_TASK DIRECTIONS_: Print, word for word, the opening line of the data below and every line after it through the line that contains "Military Tent? Canvas", but not the pictures.

_SUPPLIED DATA_:
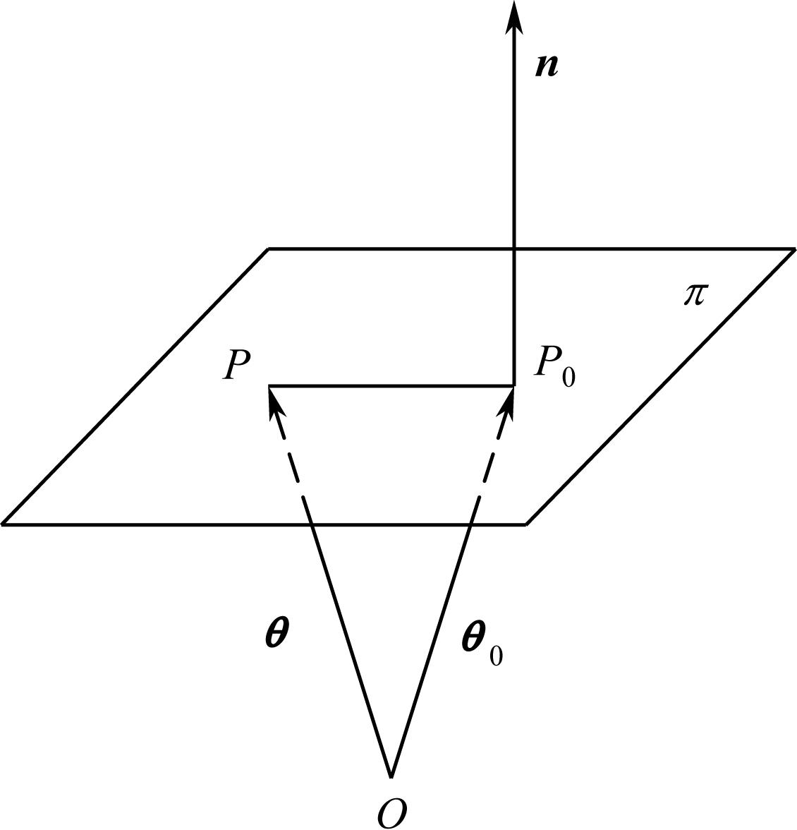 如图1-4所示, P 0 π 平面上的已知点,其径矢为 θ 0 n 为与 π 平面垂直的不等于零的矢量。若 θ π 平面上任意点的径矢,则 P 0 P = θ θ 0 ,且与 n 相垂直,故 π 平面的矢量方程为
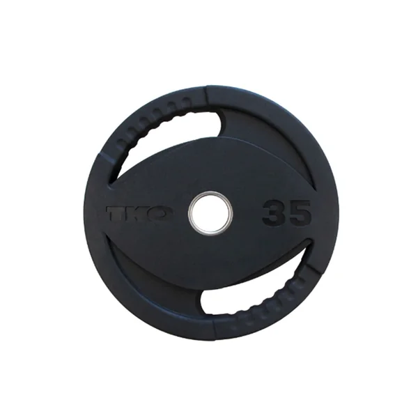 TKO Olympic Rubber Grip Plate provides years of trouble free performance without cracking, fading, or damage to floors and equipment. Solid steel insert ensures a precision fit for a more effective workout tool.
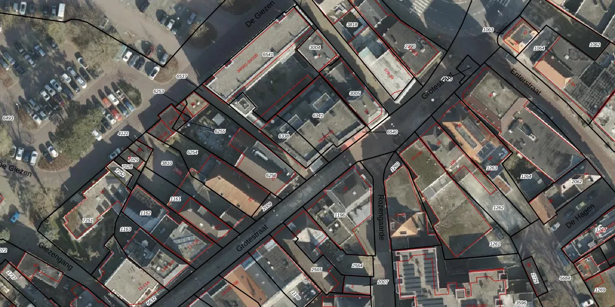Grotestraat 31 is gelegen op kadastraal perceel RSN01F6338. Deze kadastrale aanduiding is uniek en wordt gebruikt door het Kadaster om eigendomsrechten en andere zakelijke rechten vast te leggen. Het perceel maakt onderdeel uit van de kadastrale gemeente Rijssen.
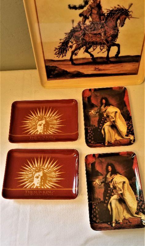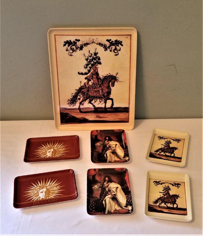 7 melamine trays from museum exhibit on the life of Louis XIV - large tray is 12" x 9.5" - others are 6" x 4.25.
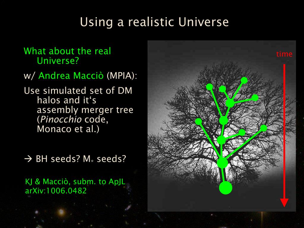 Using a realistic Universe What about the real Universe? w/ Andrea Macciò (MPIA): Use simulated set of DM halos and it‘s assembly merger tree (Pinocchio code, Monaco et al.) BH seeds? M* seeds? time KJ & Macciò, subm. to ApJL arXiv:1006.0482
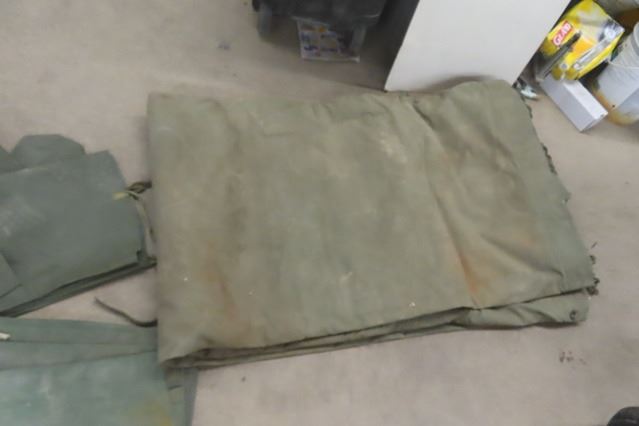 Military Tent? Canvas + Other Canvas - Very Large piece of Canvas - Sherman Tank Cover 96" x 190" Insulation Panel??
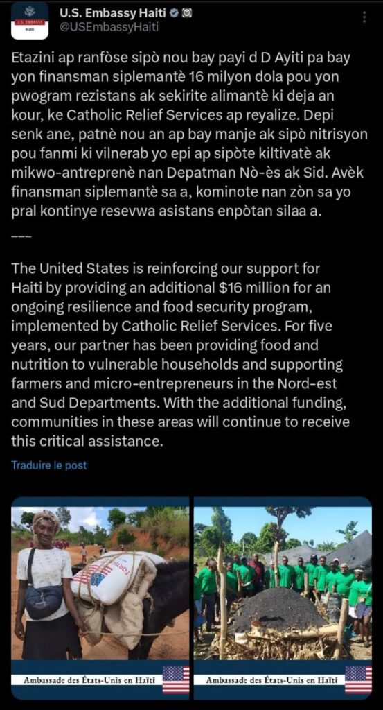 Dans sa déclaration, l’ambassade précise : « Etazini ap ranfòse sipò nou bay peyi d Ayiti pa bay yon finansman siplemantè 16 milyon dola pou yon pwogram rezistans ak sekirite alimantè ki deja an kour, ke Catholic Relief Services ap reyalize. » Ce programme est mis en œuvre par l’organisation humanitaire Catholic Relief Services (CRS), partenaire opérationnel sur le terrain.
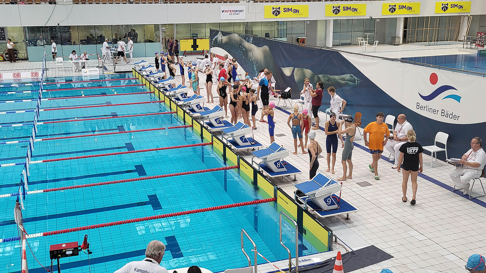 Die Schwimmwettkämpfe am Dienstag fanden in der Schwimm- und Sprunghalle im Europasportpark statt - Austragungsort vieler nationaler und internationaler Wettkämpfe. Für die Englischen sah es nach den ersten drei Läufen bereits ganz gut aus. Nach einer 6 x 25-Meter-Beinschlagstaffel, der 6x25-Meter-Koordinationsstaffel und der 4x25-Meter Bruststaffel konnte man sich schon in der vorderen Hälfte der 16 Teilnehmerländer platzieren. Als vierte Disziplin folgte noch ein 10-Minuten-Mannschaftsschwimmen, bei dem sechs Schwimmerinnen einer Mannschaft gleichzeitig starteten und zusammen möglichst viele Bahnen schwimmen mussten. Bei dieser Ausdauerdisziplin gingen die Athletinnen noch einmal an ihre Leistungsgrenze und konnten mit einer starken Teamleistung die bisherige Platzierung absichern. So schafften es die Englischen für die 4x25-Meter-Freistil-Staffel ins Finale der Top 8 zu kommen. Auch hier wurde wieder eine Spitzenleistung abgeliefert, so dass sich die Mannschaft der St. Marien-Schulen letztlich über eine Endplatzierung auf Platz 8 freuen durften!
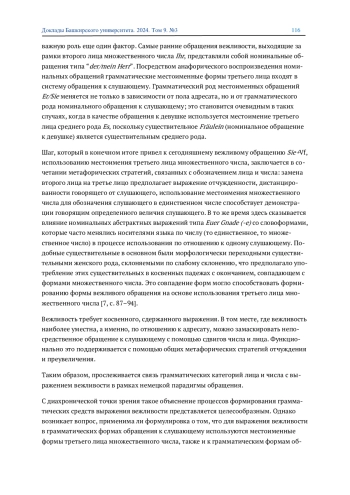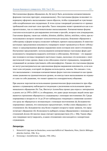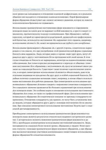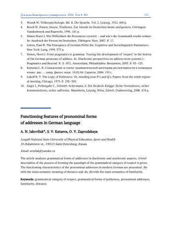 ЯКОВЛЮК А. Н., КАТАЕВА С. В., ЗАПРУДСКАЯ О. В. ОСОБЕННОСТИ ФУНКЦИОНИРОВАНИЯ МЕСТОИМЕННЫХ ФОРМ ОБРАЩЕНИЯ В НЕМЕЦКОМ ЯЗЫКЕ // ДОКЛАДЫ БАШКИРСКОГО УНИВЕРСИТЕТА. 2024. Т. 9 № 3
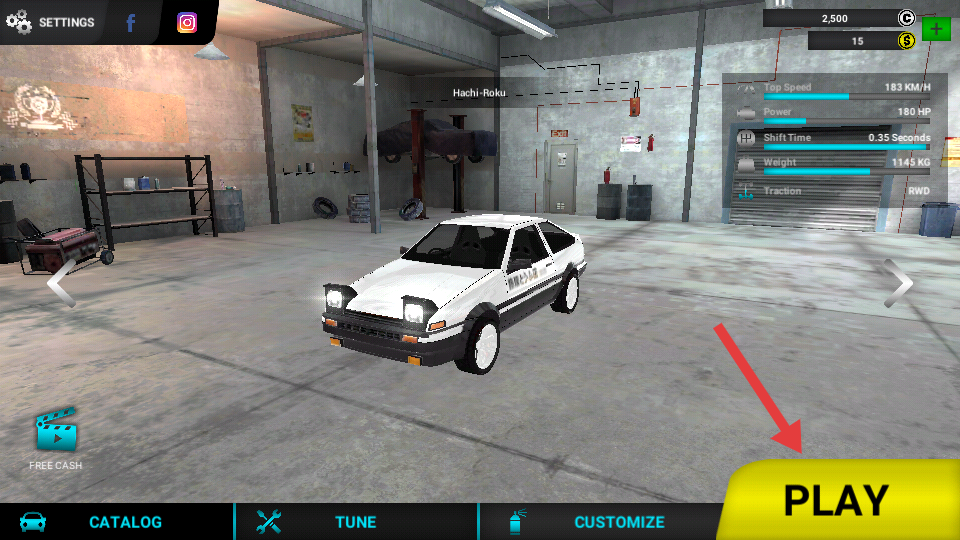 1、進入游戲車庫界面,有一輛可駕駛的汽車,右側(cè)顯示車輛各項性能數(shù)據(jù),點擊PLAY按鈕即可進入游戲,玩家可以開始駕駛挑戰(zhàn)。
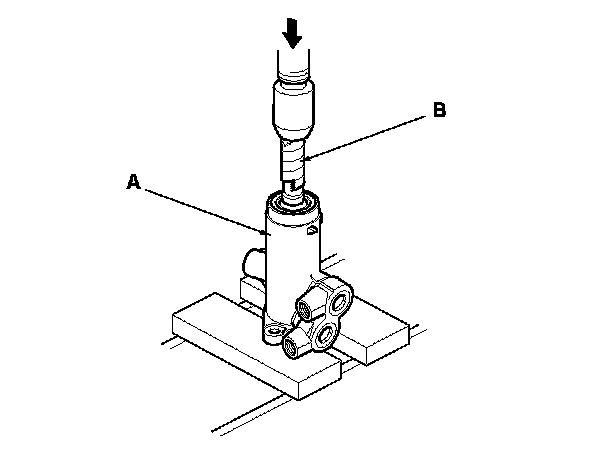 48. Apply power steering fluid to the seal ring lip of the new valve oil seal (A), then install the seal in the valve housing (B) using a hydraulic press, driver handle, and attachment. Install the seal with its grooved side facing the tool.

_WORKED SOLUTION_:
 如图1-4所示, P 0 π 平面上的已知点,其径矢为 θ 0 n 为与 π 平面垂直的不等于零的矢量。若 θ π 平面上任意点的径矢,则 P 0 P = θ θ 0 ,且与 n 相垂直,故 π 平面的矢量方程为
 TKO Olympic Rubber Grip Plate provides years of trouble free performance without cracking, fading, or damage to floors and equipment. Solid steel insert ensures a precision fit for a more effective workout tool.
Grotestraat 31 is gelegen op kadastraal perceel RSN01F6338. Deze kadastrale aanduiding is uniek en wordt gebruikt door het Kadaster om eigendomsrechten en andere zakelijke rechten vast te leggen. Het perceel maakt onderdeel uit van de kadastrale gemeente Rijssen.
 7 melamine trays from museum exhibit on the life of Louis XIV - large tray is 12" x 9.5" - others are 6" x 4.25.
 Using a realistic Universe What about the real Universe? w/ Andrea Macciò (MPIA): Use simulated set of DM halos and it‘s assembly merger tree (Pinocchio code, Monaco et al.) BH seeds? M* seeds? time KJ & Macciò, subm. to ApJL arXiv:1006.0482
 Military Tent? Canvas + Other Canvas - Very Large piece of Canvas - Sherman Tank Cover 96" x 190" Insulation Panel??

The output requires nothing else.